**Input data:**

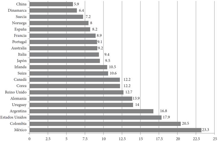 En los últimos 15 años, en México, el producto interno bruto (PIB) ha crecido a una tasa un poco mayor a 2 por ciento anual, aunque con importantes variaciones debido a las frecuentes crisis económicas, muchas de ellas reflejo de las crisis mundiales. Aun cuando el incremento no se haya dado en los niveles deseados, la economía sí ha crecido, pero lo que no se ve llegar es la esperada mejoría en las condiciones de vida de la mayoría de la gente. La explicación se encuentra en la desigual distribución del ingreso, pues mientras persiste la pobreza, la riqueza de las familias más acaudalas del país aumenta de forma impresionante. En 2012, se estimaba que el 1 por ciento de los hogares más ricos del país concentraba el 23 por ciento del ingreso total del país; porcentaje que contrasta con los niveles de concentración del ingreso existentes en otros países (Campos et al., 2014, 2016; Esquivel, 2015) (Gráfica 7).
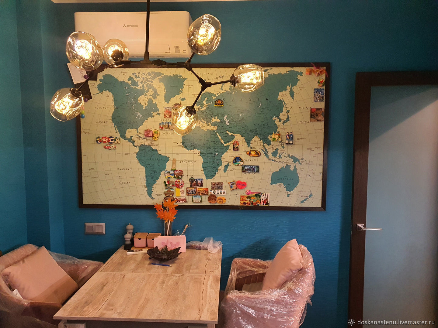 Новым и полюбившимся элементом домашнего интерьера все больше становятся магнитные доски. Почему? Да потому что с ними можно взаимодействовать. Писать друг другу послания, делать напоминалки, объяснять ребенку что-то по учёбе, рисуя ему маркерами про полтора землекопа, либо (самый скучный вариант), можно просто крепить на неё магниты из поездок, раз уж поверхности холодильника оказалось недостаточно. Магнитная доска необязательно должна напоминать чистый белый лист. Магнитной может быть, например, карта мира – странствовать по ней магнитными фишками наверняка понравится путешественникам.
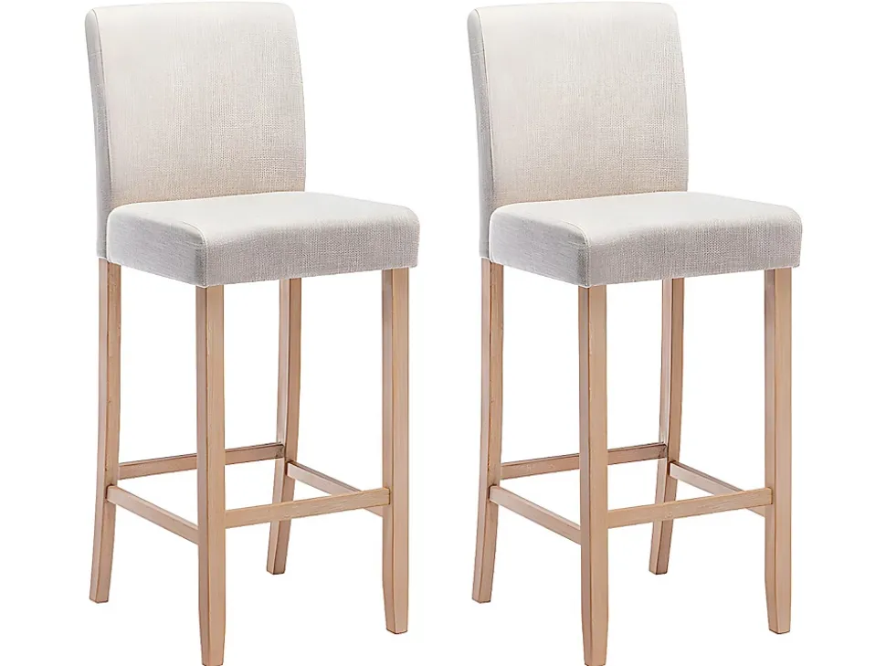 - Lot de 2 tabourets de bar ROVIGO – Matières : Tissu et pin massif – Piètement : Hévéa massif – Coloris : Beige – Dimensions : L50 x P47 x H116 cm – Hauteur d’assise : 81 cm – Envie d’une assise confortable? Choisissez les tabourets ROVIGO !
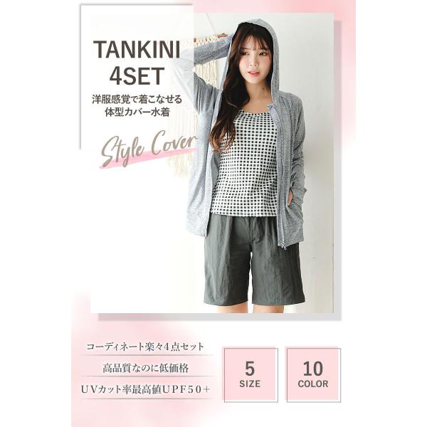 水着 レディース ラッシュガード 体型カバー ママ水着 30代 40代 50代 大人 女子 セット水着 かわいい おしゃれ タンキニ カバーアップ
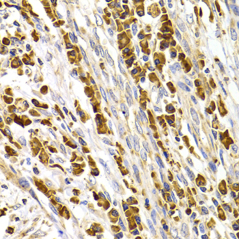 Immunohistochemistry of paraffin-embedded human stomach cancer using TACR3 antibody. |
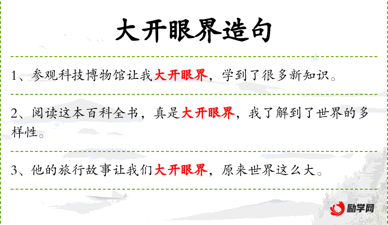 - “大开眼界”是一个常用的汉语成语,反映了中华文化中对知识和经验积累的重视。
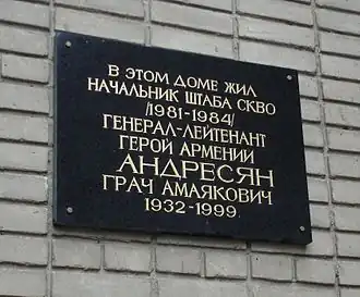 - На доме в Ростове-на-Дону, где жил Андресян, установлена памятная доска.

**What needs to be done:**
The lines to return run from the line containing "水着 レディース ラッシュガード" through the last line of the records. Give them exactly, omitting pictures.

**Solution to the exercise:**
 水着 レディース ラッシュガード 体型カバー ママ水着 30代 40代 50代 大人 女子 セット水着 かわいい おしゃれ タンキニ カバーアップ
 Immunohistochemistry of paraffin-embedded human stomach cancer using TACR3 antibody. |
 - “大开眼界”是一个常用的汉语成语,反映了中华文化中对知识和经验积累的重视。
 - На доме в Ростове-на-Дону, где жил Андресян, установлена памятная доска.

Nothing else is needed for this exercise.